**WORK TO BE COMPLETED**
Exact copies of the lines from the one with "历经两个多小时的晚会在动漫社" through the last line of the entries, and no pictures, make up the answer.

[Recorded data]

^^^^

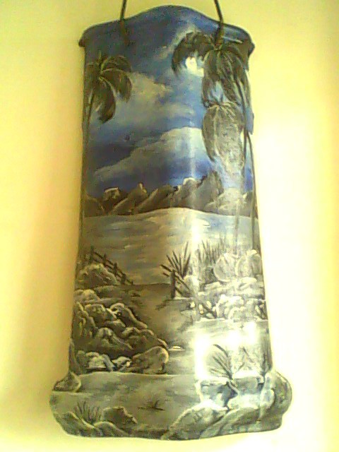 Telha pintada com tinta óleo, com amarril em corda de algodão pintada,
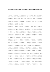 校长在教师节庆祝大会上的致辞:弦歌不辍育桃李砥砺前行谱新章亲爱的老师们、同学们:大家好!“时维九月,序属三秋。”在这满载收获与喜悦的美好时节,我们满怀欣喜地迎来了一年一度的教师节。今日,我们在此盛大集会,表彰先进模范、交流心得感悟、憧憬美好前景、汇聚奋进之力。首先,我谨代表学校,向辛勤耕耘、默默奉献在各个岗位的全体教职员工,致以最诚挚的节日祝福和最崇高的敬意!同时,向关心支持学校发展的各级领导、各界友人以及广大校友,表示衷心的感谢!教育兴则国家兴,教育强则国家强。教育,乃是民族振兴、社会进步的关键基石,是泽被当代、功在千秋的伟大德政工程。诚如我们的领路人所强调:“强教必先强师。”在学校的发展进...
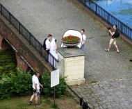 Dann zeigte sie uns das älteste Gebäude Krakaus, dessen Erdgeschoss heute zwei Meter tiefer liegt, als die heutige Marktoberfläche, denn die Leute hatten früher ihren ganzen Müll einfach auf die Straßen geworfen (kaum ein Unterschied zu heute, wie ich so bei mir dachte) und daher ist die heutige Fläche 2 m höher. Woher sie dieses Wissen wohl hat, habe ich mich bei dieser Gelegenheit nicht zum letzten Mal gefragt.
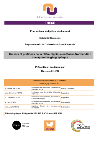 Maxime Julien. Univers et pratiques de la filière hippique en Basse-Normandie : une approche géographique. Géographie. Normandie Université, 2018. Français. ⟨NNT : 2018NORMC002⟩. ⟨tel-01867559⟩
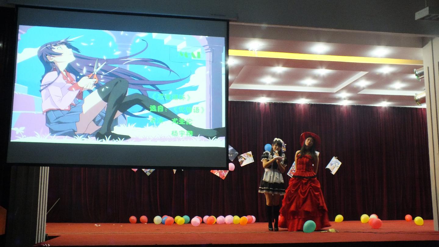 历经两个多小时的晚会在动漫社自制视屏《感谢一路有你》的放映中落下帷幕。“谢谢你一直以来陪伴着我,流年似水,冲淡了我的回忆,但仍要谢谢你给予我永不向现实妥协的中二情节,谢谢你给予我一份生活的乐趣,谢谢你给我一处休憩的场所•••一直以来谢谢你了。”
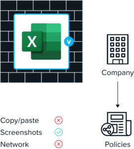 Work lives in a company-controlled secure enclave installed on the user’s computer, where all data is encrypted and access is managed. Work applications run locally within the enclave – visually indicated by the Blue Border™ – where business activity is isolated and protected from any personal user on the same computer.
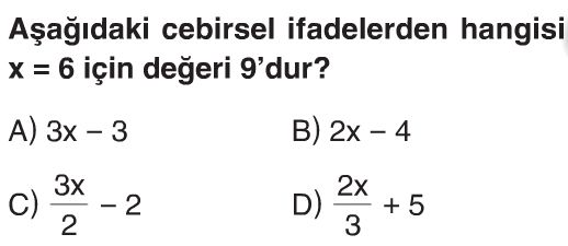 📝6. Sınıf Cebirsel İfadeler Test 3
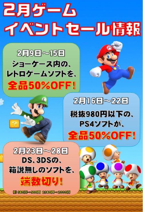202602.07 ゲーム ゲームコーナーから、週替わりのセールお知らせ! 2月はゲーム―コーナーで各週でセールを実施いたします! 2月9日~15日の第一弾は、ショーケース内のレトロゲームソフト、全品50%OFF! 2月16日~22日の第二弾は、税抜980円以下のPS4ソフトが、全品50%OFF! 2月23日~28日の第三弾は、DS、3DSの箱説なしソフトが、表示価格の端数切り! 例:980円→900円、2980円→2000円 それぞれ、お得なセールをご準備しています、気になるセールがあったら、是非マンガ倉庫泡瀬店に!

^^^^

**SOLUTION TO THIS EXERCISE**
 历经两个多小时的晚会在动漫社自制视屏《感谢一路有你》的放映中落下帷幕。“谢谢你一直以来陪伴着我,流年似水,冲淡了我的回忆,但仍要谢谢你给予我永不向现实妥协的中二情节,谢谢你给予我一份生活的乐趣,谢谢你给我一处休憩的场所•••一直以来谢谢你了。”
 Work lives in a company-controlled secure enclave installed on the user’s computer, where all data is encrypted and access is managed. Work applications run locally within the enclave – visually indicated by the Blue Border™ – where business activity is isolated and protected from any personal user on the same computer.
 📝6. Sınıf Cebirsel İfadeler Test 3
202602.07 ゲーム ゲームコーナーから、週替わりのセールお知らせ! 2月はゲーム―コーナーで各週でセールを実施いたします! 2月9日~15日の第一弾は、ショーケース内のレトロゲームソフト、全品50%OFF! 2月16日~22日の第二弾は、税抜980円以下のPS4ソフトが、全品50%OFF! 2月23日~28日の第三弾は、DS、3DSの箱説なしソフトが、表示価格の端数切り! 例:980円→900円、2980円→2000円 それぞれ、お得なセールをご準備しています、気になるセールがあったら、是非マンガ倉庫泡瀬店に!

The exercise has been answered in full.